**INFORMATION GIVEN:**
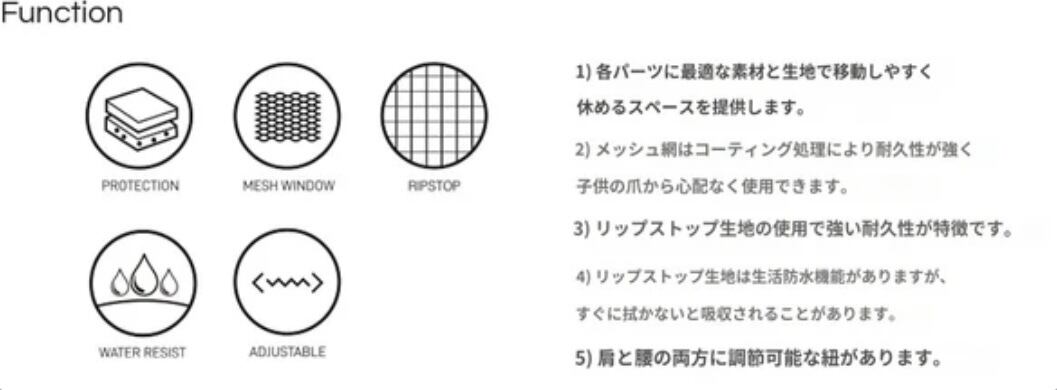 顔を隠す必要がある際には、全てに窓がメッシュになっているので、メッシュを閉めることで商業施設や公共交通機関でのご使用も可能に。
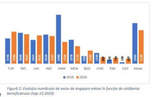 Prin comparație, potrivit informațiilor furnizate de către aceeași instituție, în cursul anului 2020 au fost eliberate, în total, 27.450 avize de angajare/detașare, iar din contingentul de 30.000 de lucrători străini nou-admiși pe piața forței de muncă în anul 2020 au fost eliberate 22.304 avize de angajare/detașare, (cu aproximativ 7.000 mai puțin față de anul 2019). Conform datelor comunicate de Inspecția Muncii, numărul de contracte de muncă nou înregistrate de angajatori români pentru salariați cetățeni ai unor state din afara Uniunii Europene sau state membre ale Spațiului Economic European, respectiv ai Confederației Elvețiene, în perioada de referință 01.01.2021-12.10.2021, a fost de 36.265. Pentru comparație, numărul de contracte de muncă nou înregistrate de angajatori români pentru salariați cetățeni străini non UE, SEE sau Confederația Elvețiană, în anul 2020 a fost de 25.683, iar în anul 2019 de 28.954.
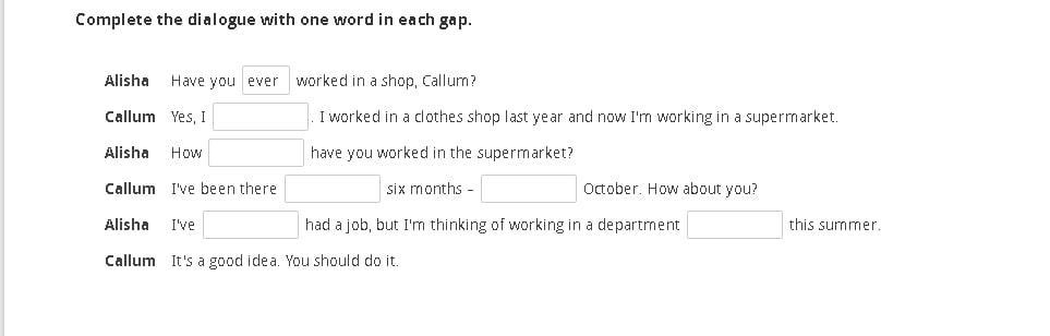 Alisha : I've already had a job , but I'm thinking of working in department for this summer
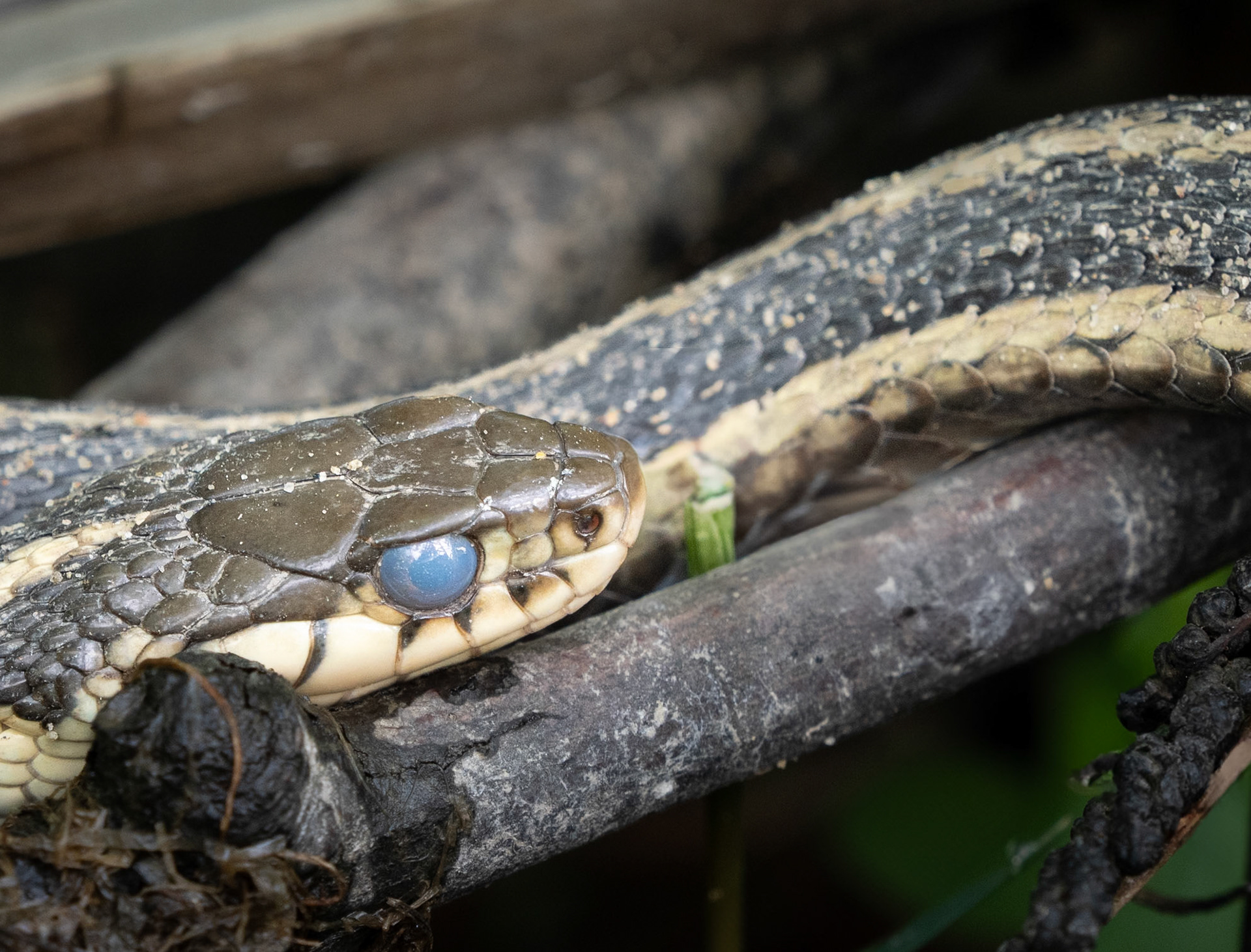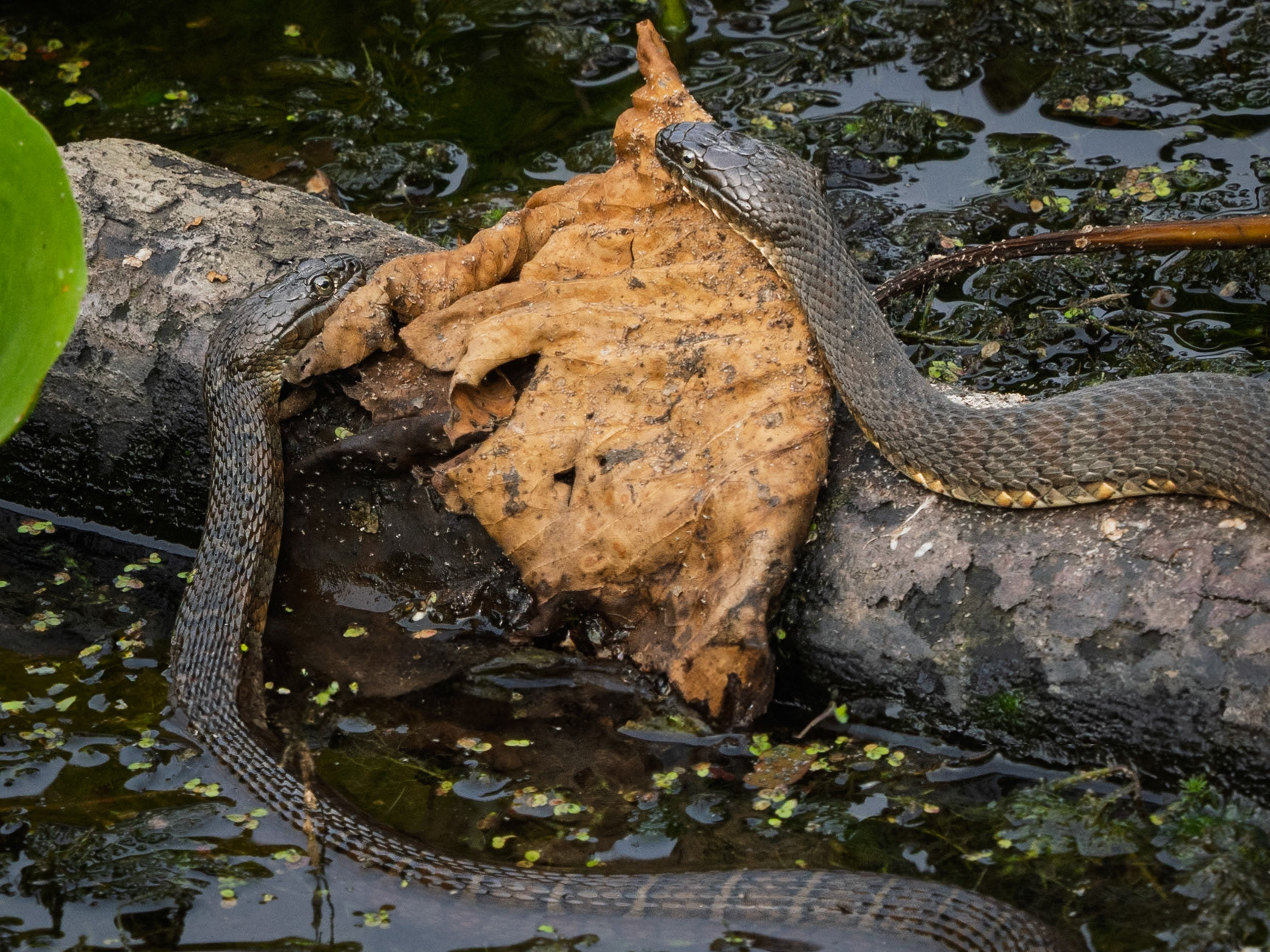 Snakes seemed relatively plentiful. A blue-eyed gatersnake. Their eyes go like this for a week or so before shedding their skin. A pair of watersnakes entertained us for about 30 minutes
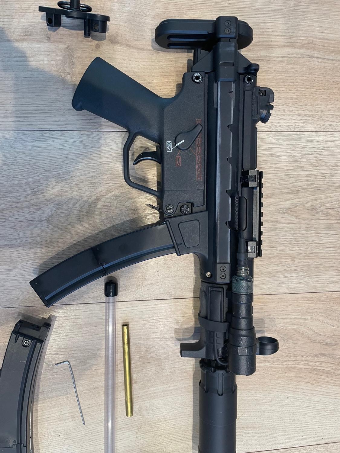 Well g55 gas mp5k, 2 gas tight mags, longer inner barrel (265mm), maple leaf 60 hop rubber, bowmaster stock,top rail, mag clamp, barrel runs through the 3d supressor, very rapid pew, £160 posted including pp fees
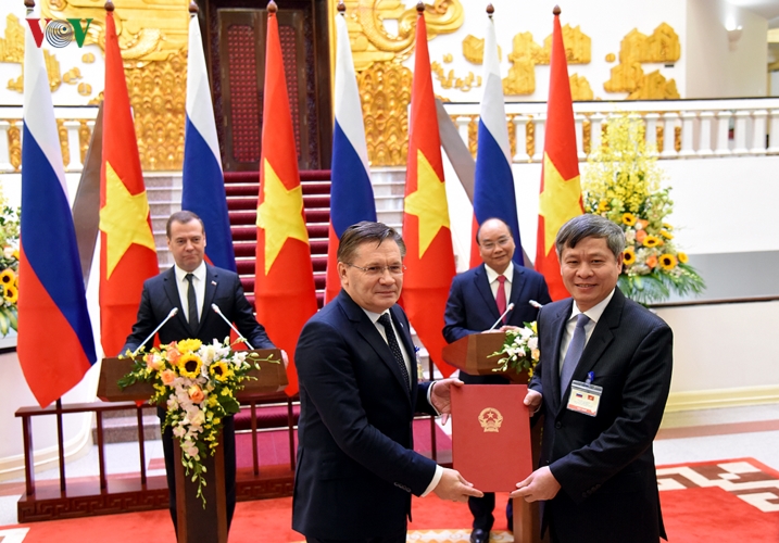 Trong chuyến thăm này, đã có 15 văn kiện được ký kết về hợp tác trong các lĩnh vực công nghiệp, ngân hàng và an ninh thông tin. Hai bên nhất trí tạo động lực cho Hiệp định thương mại tự do giữa Liên minh kinh tế Á-Âu và Việt Nam phát huy hiệu quả. Sau 2 năm hiệp định có hiệu lực, kim ngạch thương mại Việt -Nga đã đạt 3,55 tỷ USD năm 2017, tăng 31% so với năm 2016, còn trong 9 tháng đầu năm 2018 đạt 3,4 tỷ USD, tăng gần 37% so với cùng kỳ năm 2017. Đại sứ Việt Nam tại Nga Ngô Đức Mạnh cho rằng: "Nga là một thị trường lớn với 140 triệu dân và có đông người Việt Nam sinh sống. Việt Nam cũng là nước đầu tiên ký hiệp định FTA với Liên minh kinh tế Á-Âu cho nên đây là cơ hội lớn cho các doanh nghiệp của Việt Nam. Trước hết, chúng ta có thể cung cấp các mặt hàng có tính bổ trợ cho nước Nga như các sản phẩm của miền nhiệt đới, ví dụ như hoa quả. Điều đáng mừng là hàng hóa của Việt Nam chất lượng ngày càng cao và đáp ứng được nhu cầu ngày càng cao của người dân Nga. Ngoài ra, chúng ta có lực lượng đông đảo người Việt Nam ở Nga quen với nước Nga, hiểu về văn hóa nước Nga và họ chính là cầu nối để cho hàng hóa Việt Nam và Nga".

**EXERCISE GOAL:** Start to finish, write out the data above exactly, omitting all pictures.

**PROBLEM SOLUTION:**
 顔を隠す必要がある際には、全てに窓がメッシュになっているので、メッシュを閉めることで商業施設や公共交通機関でのご使用も可能に。
 Prin comparație, potrivit informațiilor furnizate de către aceeași instituție, în cursul anului 2020 au fost eliberate, în total, 27.450 avize de angajare/detașare, iar din contingentul de 30.000 de lucrători străini nou-admiși pe piața forței de muncă în anul 2020 au fost eliberate 22.304 avize de angajare/detașare, (cu aproximativ 7.000 mai puțin față de anul 2019). Conform datelor comunicate de Inspecția Muncii, numărul de contracte de muncă nou înregistrate de angajatori români pentru salariați cetățeni ai unor state din afara Uniunii Europene sau state membre ale Spațiului Economic European, respectiv ai Confederației Elvețiene, în perioada de referință 01.01.2021-12.10.2021, a fost de 36.265. Pentru comparație, numărul de contracte de muncă nou înregistrate de angajatori români pentru salariați cetățeni străini non UE, SEE sau Confederația Elvețiană, în anul 2020 a fost de 25.683, iar în anul 2019 de 28.954.
 Alisha : I've already had a job , but I'm thinking of working in department for this summer
 Snakes seemed relatively plentiful. A blue-eyed gatersnake. Their eyes go like this for a week or so before shedding their skin. A pair of watersnakes entertained us for about 30 minutes
 Well g55 gas mp5k, 2 gas tight mags, longer inner barrel (265mm), maple leaf 60 hop rubber, bowmaster stock,top rail, mag clamp, barrel runs through the 3d supressor, very rapid pew, £160 posted including pp fees
 Trong chuyến thăm này, đã có 15 văn kiện được ký kết về hợp tác trong các lĩnh vực công nghiệp, ngân hàng và an ninh thông tin. Hai bên nhất trí tạo động lực cho Hiệp định thương mại tự do giữa Liên minh kinh tế Á-Âu và Việt Nam phát huy hiệu quả. Sau 2 năm hiệp định có hiệu lực, kim ngạch thương mại Việt -Nga đã đạt 3,55 tỷ USD năm 2017, tăng 31% so với năm 2016, còn trong 9 tháng đầu năm 2018 đạt 3,4 tỷ USD, tăng gần 37% so với cùng kỳ năm 2017. Đại sứ Việt Nam tại Nga Ngô Đức Mạnh cho rằng: "Nga là một thị trường lớn với 140 triệu dân và có đông người Việt Nam sinh sống. Việt Nam cũng là nước đầu tiên ký hiệp định FTA với Liên minh kinh tế Á-Âu cho nên đây là cơ hội lớn cho các doanh nghiệp của Việt Nam. Trước hết, chúng ta có thể cung cấp các mặt hàng có tính bổ trợ cho nước Nga như các sản phẩm của miền nhiệt đới, ví dụ như hoa quả. Điều đáng mừng là hàng hóa của Việt Nam chất lượng ngày càng cao và đáp ứng được nhu cầu ngày càng cao của người dân Nga. Ngoài ra, chúng ta có lực lượng đông đảo người Việt Nam ở Nga quen với nước Nga, hiểu về văn hóa nước Nga và họ chính là cầu nối để cho hàng hóa Việt Nam và Nga".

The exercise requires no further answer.